トレンドマイクロは4月28日、同社のセキュリティブログで、Adobe Flash Playerに存在するさまざまな脆弱性を利用することで知られるエクスプロイトキット「Angler EK」が利用する最新の脆弱性が、Adobeが2015年4月にセキュリティ情報で修正プログラムを公開した脆弱性「CVE-2015-0359」でなく、別の脆弱性「CVE-2015-0313」が利用されている可能性を確認したと報告した。

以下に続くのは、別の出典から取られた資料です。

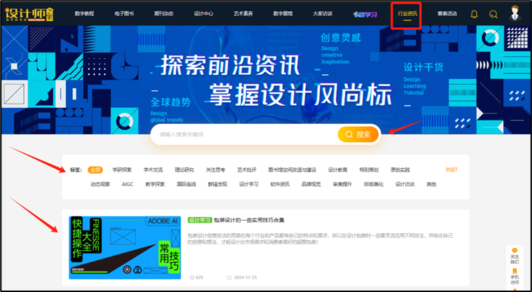 点击最上方一栏的【行业资讯】;搜索栏及标签栏可检索并筛选相关主题资讯,涵盖学研探索、学术交流、理论研究等内容,点击即可进入阅读时下前沿艺术设计领域资讯,洞悉行业动态。
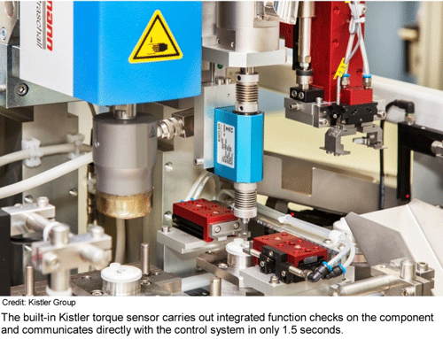 The solution Kistler proposed used a combination of a type 4502A torque sensor and the maXYmos BL evaluation system to check the torque curve for each individual product. The measurement value produced by the torque sensor is used to generate an OK/NOK signal transmitted directly to the control system so that any product with an out of spec torque curve is automatically rejected. This 100% testing ensures that only perfect products are delivered by the production cell.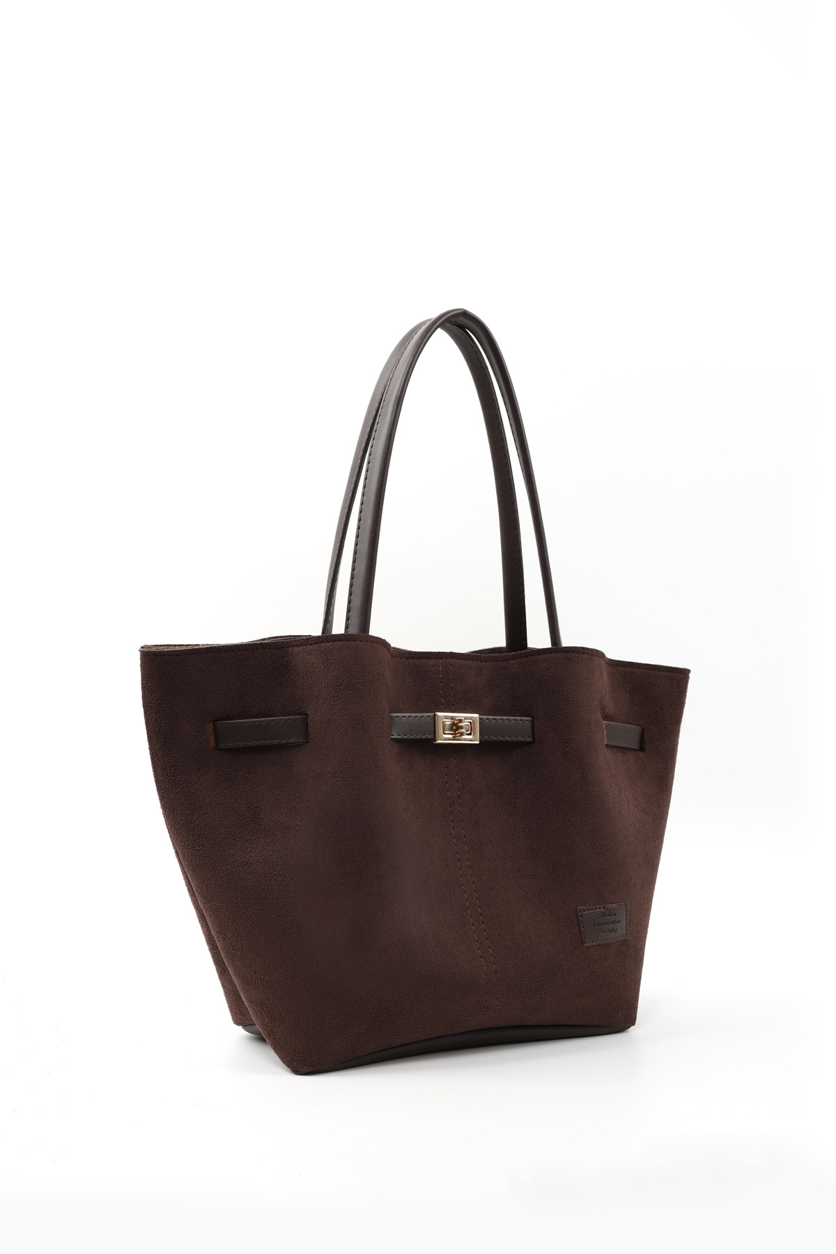 Kahverengi Shk159 Süet Kumaş Çıtçıtlı Tek Bölmeli , Astarlı, Kilit Detaylı El, Kol ve Omuz Çantası Kahverengi Shk159 Süet Kumaş Çıtçıtlı Tek Bölmeli , Astarlı, Kilit Detaylı El, Kol ve Omuz Çantası S225-00214 Standart

「CVE-2015-0359」は「ByteArray::Write」がスレッドセーフでないために起こる「競合状態」の脆弱性で、この脆弱性を利用するためには多くのワーカーが必要と考えられている。しかし、同社が解析した検体では、「Angler EK」が利用している脆弱性は「domainMemory」に関連した「Use After Free(解放後使用)」となっており、より簡単に利用が可能。そのため、「Angler EK」は修正プログラムが公開されている既知の脆弱性を利用している可能性が浮上した。

同社が確認したAdobe Flash Playerに存在する脆弱性を利用した攻撃の実行フローは、「CVE-2015-0359」ではなく、「CVE-2015-0313」で利用された実行フローと似ている。

新しい脆弱性と「CVE-2015-0313」の違い

この新しい脆弱性が「CVE-2015-0313」と異なる点は、基本となるバッファを変更するために「ByteArray::WriteBytes」を呼び出すこと。この変更が「domainMemory」に通知されないため、「domainMemory」は解放されたメモリを指し続け、攻撃者は、この「解放後使用」の脆弱性を利用して、解放されたメモリアドレスから、読み込みや書き込みといった本来備わっている命令を利用する。実際のところ、脆弱性を利用するために呼び出される関数が異なる以外は、今回の脆弱性は「CVE-2015-0313」の脆弱性と同一。

トレンドマイクロは、Adobeと協働し、この脆弱性の詳細を確認中。

なお、今回確認された検体のSHA1ハッシュ値は「E0C46A5BF1F98C0BF5F831E7AD1881502809DA93」。